---------- RECORDS SHOWN ----------

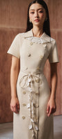 Made with a blend of linen and cotton, this dress is designed for comfort and style. Its A-line cut and short sleeves provide a flattering silhouette, perfect for any occasion. Upgrade your wardrobe with this versatile and classy dress.
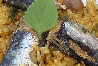 Ponemos el tomate, la cúrcuma, un par de vueltas y echamos el arroz que dejamos sofreír un par de minutos y echamos el caldo, el orégano y rectificamos de sal. Movemos y cuando seque bajamos el fuego, tapamos y dejamos cocinar 11-12 minutos. Retiramos del fuego, volteamos el arroz y dejamos descansar 5 minutos a medio tapar. Pasado el tiempo, servimos disponiendo las sardinas reservadas en cada plato
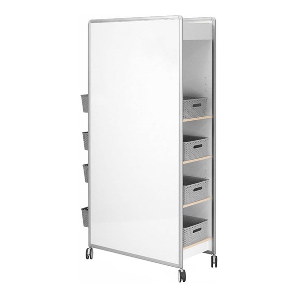 VISIONCHART WHITEBOARD HUDDLE MOBILE STORAGE WITH EXTRA 2 SHELVES AND 10 STORAGE BASKETS
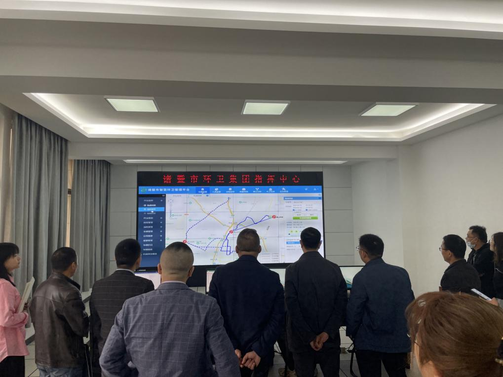 徐光辉一行现场观摩了诸暨市智慧环卫管理平台,并就人员监管、检查考核、环卫业务等方面做了广泛交流。
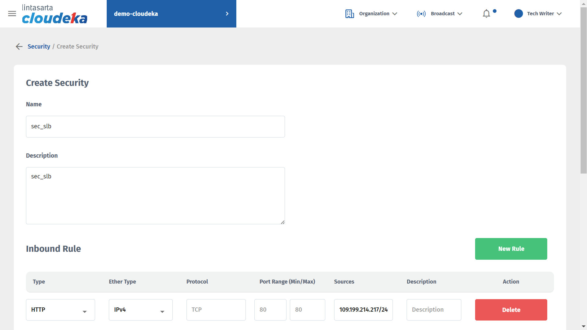 On the Security menu, press the Create Security button, in the Inbound Rule section, press the New Rule button to add the IP address obtained after successfully creating the Deka SLB configuration.

----------

• **EXERCISE BRIEF**
Please print exactly the lines from the line containing "Ponemos el tomate, la" through the end of the records above, both included, leaving out every picture.

• **FINAL ANSWER**
 Ponemos el tomate, la cúrcuma, un par de vueltas y echamos el arroz que dejamos sofreír un par de minutos y echamos el caldo, el orégano y rectificamos de sal. Movemos y cuando seque bajamos el fuego, tapamos y dejamos cocinar 11-12 minutos. Retiramos del fuego, volteamos el arroz y dejamos descansar 5 minutos a medio tapar. Pasado el tiempo, servimos disponiendo las sardinas reservadas en cada plato
 VISIONCHART WHITEBOARD HUDDLE MOBILE STORAGE WITH EXTRA 2 SHELVES AND 10 STORAGE BASKETS
 徐光辉一行现场观摩了诸暨市智慧环卫管理平台,并就人员监管、检查考核、环卫业务等方面做了广泛交流。
 On the Security menu, press the Create Security button, in the Inbound Rule section, press the New Rule button to add the IP address obtained after successfully creating the Deka SLB configuration.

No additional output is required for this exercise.